The animal would then be killed by the priests and the blood spilled on the sides of the altar as an acknowledgement of and payment for sin and the fat would be burnt on the altar as a pleasing aroma to the LORD (4:29b-31a). In this way, the priest would “make atonement” for the sinner. The word atonement can be broken down to reveal it’s meaning: at-one-ment. It is the state of harmony that is restored to the relationship between that individual and God. Through the sacrifice, God and the sinner could relate again, brought into oneness once more and so the person would be forgiven (4:31). The animal would die in the place of the sinner, who deserves death for their breach against God, and the person would go away free and forgiven, able to relate well with God. A burdensome, costly, bloody affair! But now, as Jesus is teaching this congregation, He says that through a few penitent words, a sinner can ask for forgiveness and receive it? How?
While the prayer does not go into the details, we who know the way the story will unfold, know that Jesus is the One through whom this forgiveness will come. He will be “the Lamb of God who takes away the sin of the world” (John 1:29). He will take on the sin of the world as a fitting Substitute (having our flesh, yet fully God), the final one that would ever be necessary and would face the punishment for it once-for-all so that sinners can know true and lasting at-one-ment with the Lord God! I cannot say it better than these verses from an old hymn by Charles Weasley:
Tis finished! the Messiah dies,
Cut off for sins, but not His own,
Accomplished is the sacrifice,
The great redeeming work is done.
Tis finished! All the debt is paid;
Justice divine is satisfied;
The grand and full atonement made;
God for a guilty world hath died!

For us who read this today, we can come with the confidence of the death Jesus faced 2000 years ago on a Roman cross. He willingly faced the burden and cost of our sins, bleeding to death, as our representative so that we can know the pardon for our sins. He was the perfect, blameless offering, made without blemish, who dies and accomplishes once and forever the penalty for sins. Because of this effective sacrifice, there is no longer any need for repeated sacrifices because Jesus has paid it finally and fully. Therefore, we can by faith in Him, trust the work He has done as our Substitute and come to God and use simple words to ask for our sins to be forgiven! What a marvelous salvation! We neither need to die for our own sins as we deserve, nor need to acquire inadequate substitute animals to do so either. Jesus stands for us and guarantees for us the forgiveness of our sins! Hallelujah!
And so Jesus can confidently teach those bound under the Law to pray in anticipation of the freedom that He will bring. We who live on this side of the Cross of Christ can look back to Calvary and confidently pray, “forgive us our debts”, because we know Jesus has paid all that we owed, and so the Just God will forgive us. Amen!

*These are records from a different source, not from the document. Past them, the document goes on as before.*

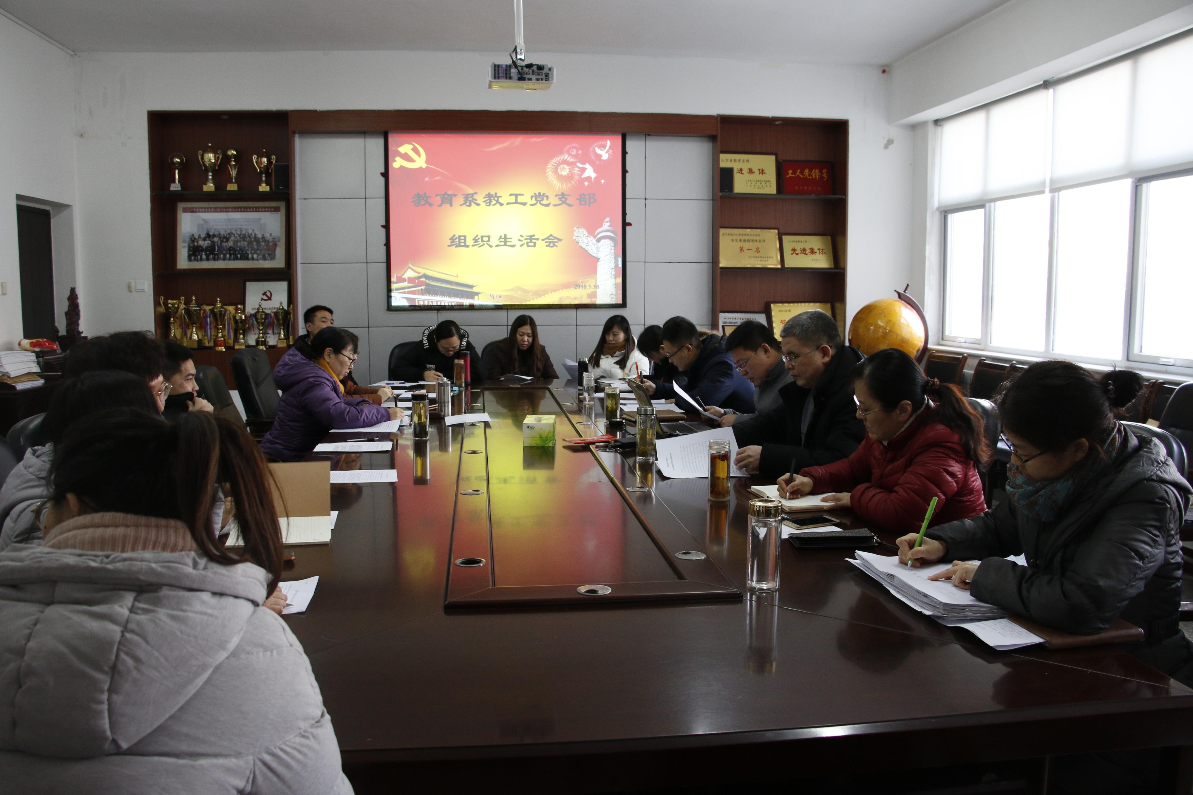 2019年1月18日上午9点,教育系教工党支部在文科楼A211召开组织生活会。党总支书记乔东华、系主任李群、365英国上市(集团)公司副院长曹光海、副主任单清清以普通党员身份参加生活会,会议由教工党支部书记刘勇主持。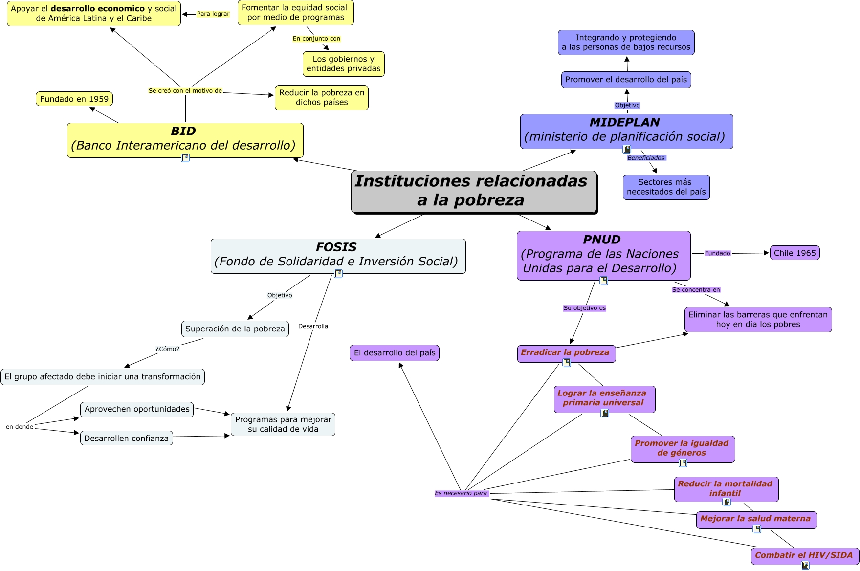 Este Cmap, tiene información relacionada con: Instituciones relacionadas(resumen), MIDEPLAN (ministerio de planificación social) Objetivo Promover el desarrollo del país, Reducir la mortalidad infantil Es necesario para El desarrollo del país, PNUD (Programa de las Naciones Unidas para el Desarrollo) Su objetivo es Erradicar la pobreza, BID (Banco Interamericano del desarrollo) Se creó con el motivo de Fomentar la equidad social por medio de programas, Fomentar la equidad social por medio de programas En conjunto con Los gobiernos y entidades privadas, Erradicar la pobreza Es necesario para El desarrollo del país, Lograr la enseñanza primaria universal ???? Promover la igualdad de géneros, Combatir el HIV/SIDA Es necesario para El desarrollo del país, Promover la igualdad de géneros Es necesario para El desarrollo del país, El grupo afectado debe iniciar una transformación en donde Aprovechen oportunidades, FOSIS (Fondo de Solidaridad e Inversión Social) Objetivo Superación de la pobreza, Mejorar la salud materna Es necesario para El desarrollo del país, BID (Banco Interamericano del desarrollo) Se creó con el motivo de Apoyar el desarrollo economico y social de América Latina y el Caribe, BID (Banco Interamericano del desarrollo) ???? Fundado en 1959, Erradicar la pobreza ???? Eliminar las barreras que enfrentan hoy en dia los pobres, BID (Banco Interamericano del desarrollo) Se creó con el motivo de Reducir la pobreza en dichos países, Lograr la enseñanza primaria universal Es necesario para El desarrollo del país, Mejorar la salud materna ???? Combatir el HIV/SIDA, Promover el desarrollo del país ???? Integrando y protegiendo a las personas de bajos recursos, FOSIS (Fondo de Solidaridad e Inversión Social) Desarrolla Programas para mejorar su calidad de vida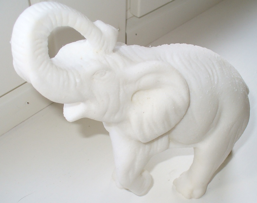 Купила на фломаркте фигурку слоника, хотела сполоснуть его естественно с мылом, а с него будто кожа начала сходить. Кто знает, что это может быть за материал? Выглядит как камень, когда стучишь по нему, то звук пустой, на ощупь шершавый стал после мытья, до этого был вроде гладкий. Да, на животе начал уже от воды крошиться немного.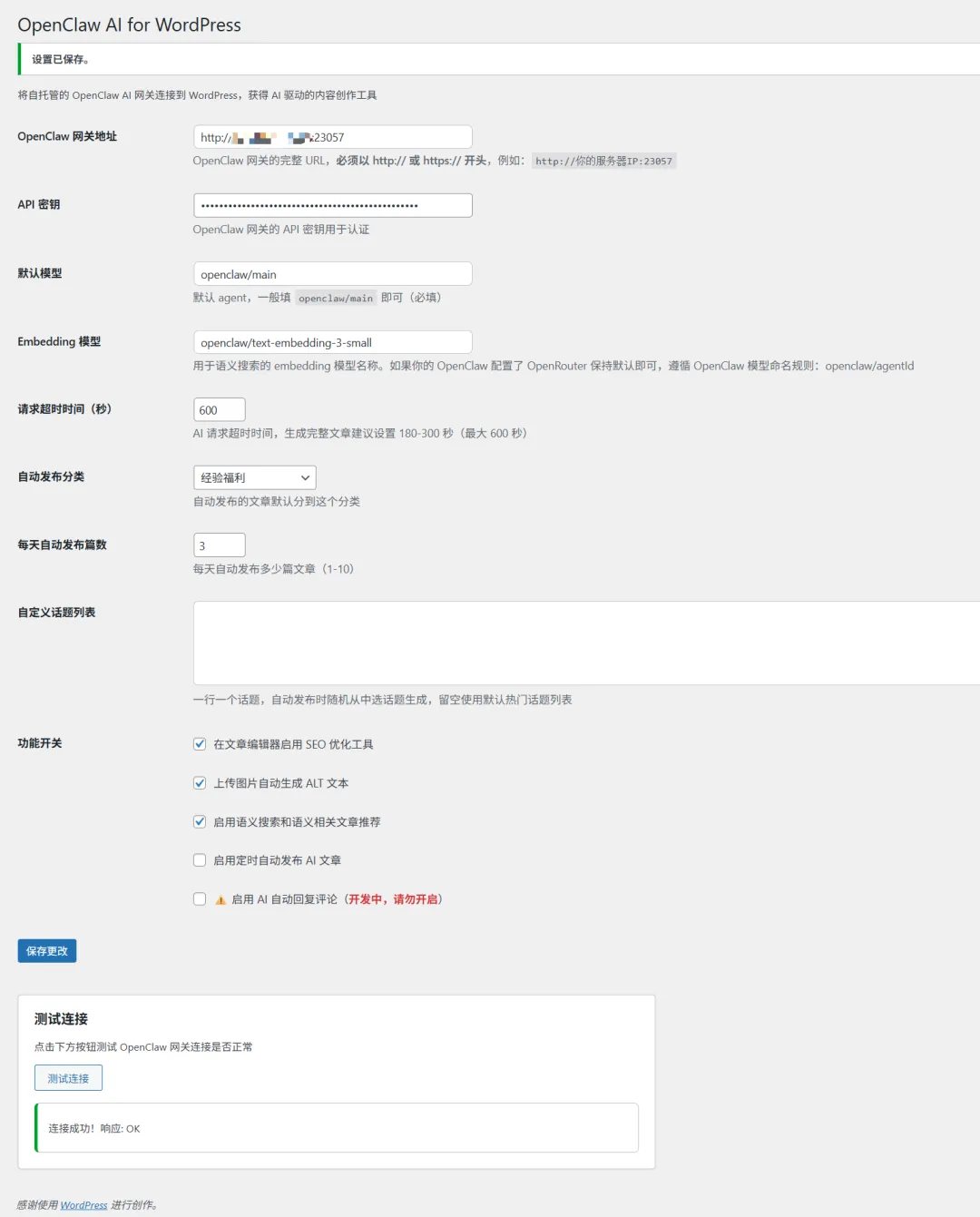 手动测试:登录管理员后台访问 https://你的站点/?openclaw-trigger-auto 即可手动触发一次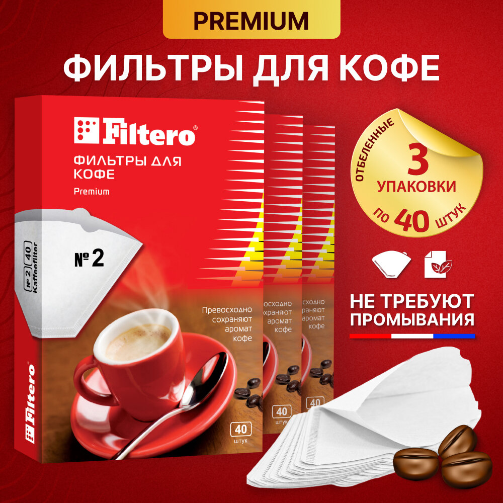 Комплект фильтров для кофе, кофеварки и кофемашин Filtero Premium №2, белые, 40штук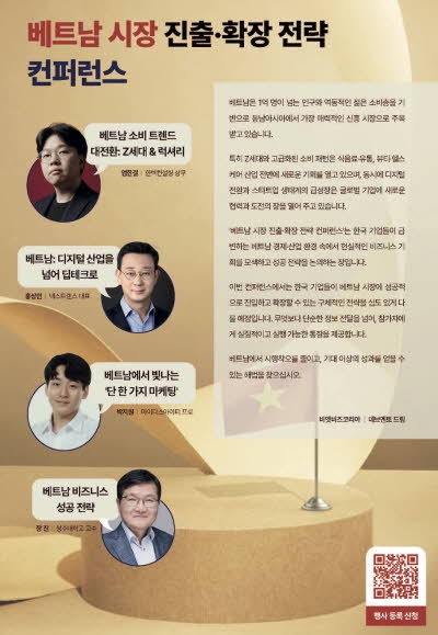 이번 컨퍼런스는 단순한 정보 제공을 넘어 현장에서 바로 적용할 수 있는 전략과 통찰을 제시한다. 베트남 진출을 준비하거나 현지 비즈니스 확장을 모색하는 기업에 구체적인 실행 해법을 제안할 예정이다.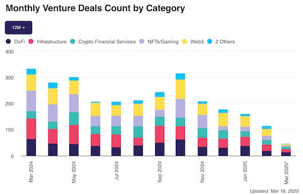 Funding: The monthly count of crypto venture deals has contracted significantly, with only 116 private deals tracked in February 2025, marking one of the lowest points in recent years. This represents a substantial decline from the 300+ deals recorded in October 2024 - a 60% drop within a 5-month period.: Theblock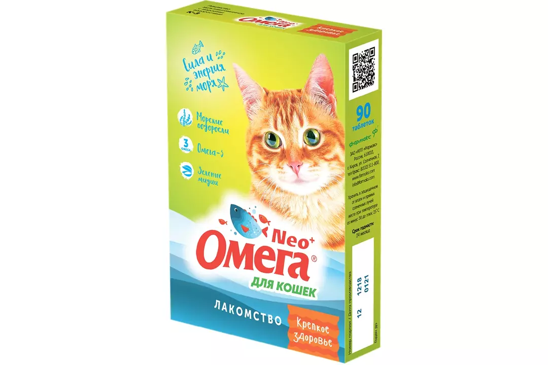 Витамины ОМЕГА NEO+ Крепкое здоровье для кошек с морскими водорослями 90 таб.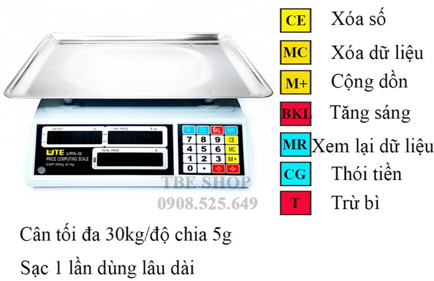 Bước 3: Ý nghĩa của các phím trên cân ( ví dụ là cân tính tiền UTE )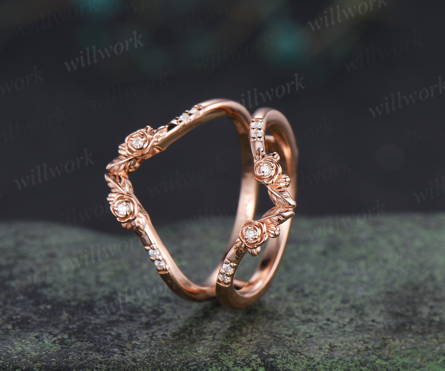 ***Gracefully contoured with blooming floral details and sculpted leaf lines, this dainty moissanite wedding band features a refined double layered design. Sparkling accents trace the curves, creating an elegant enhancer or stacking ring inspired by nature—perfect for weddings, anniversaries, or everyday romance.***- Metal: Solid gold(10K/14K/18K white/yellow/rose gold),925 sterling silver,platinum available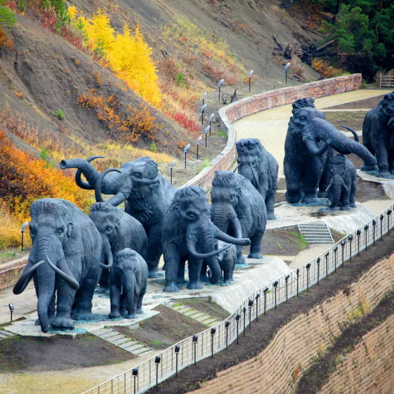Скульптурная композиция «Мамонты» появилась в Ханты-Мансийске в 2007 году. Создание данного памятника было приурочено к 425-летию столицы Ханты-Мансийского автономного округа. Скульптура находится на территории знаменитого Археопарка. Скульптурная композиция состоит из 7 бронзовых памятников. Общий вес этих памятников превышает отметку в 70 тонн. В 2009 году у скульптуры появилось пополнение и количество мамонтов стало 11. Все памятники установлены в натуральную величину. Высота самого высокого мамонта превышает 8 метров, а самый маленький мамонт в высоту составляет всего лишь 3 метра. Скульптурная композиция «Мамонты» является визитной карточкой города, поэтому это место пользуется особым спросом среди туристов. Здесь очень любят фотографироваться вечером, потому что мамонты подсвечиваются всеми цветами радуги и получается очень красивая композиция. Архитектором стал небезызвестный народный художник России А. Ковальчук. Место для размещения скульптурной композиции было выбрано неслуча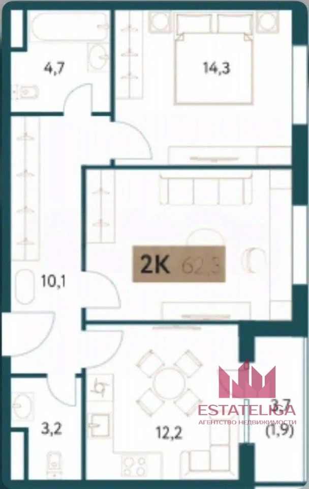 62 м² · Этаж 8 из 15
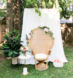 Ready to add a touch of dramatic flair and comfortable elegance to your event’s seating? Our rentable Peacock Chair from Violet Vintage in Indianapolis is here to make a statement! This iconic chair features a high, fan-shaped back, often made of woven material, creating a truly eye-catching silhouette. It’s perfect for adding a touch of bohemian glamour and comfortable seating to weddings, parties, lounges, photo booths, or any gathering that deserves a touch of the extraordinary.

May we not think to say these words as some kind of incantation – as if the words themselves hold the power apart from a truly remorseful and repentant heart. This is why I want us to slow down over this prayer: that we might take more seriously the realities it is revealing and calling us to bank on. May my heart and yours not take God’s generosity for granted and use His kindness as license to sin and not take to heart the cost for the forgiveness offered to sinners. May God help us to humbly pray, “forgive us our debts”.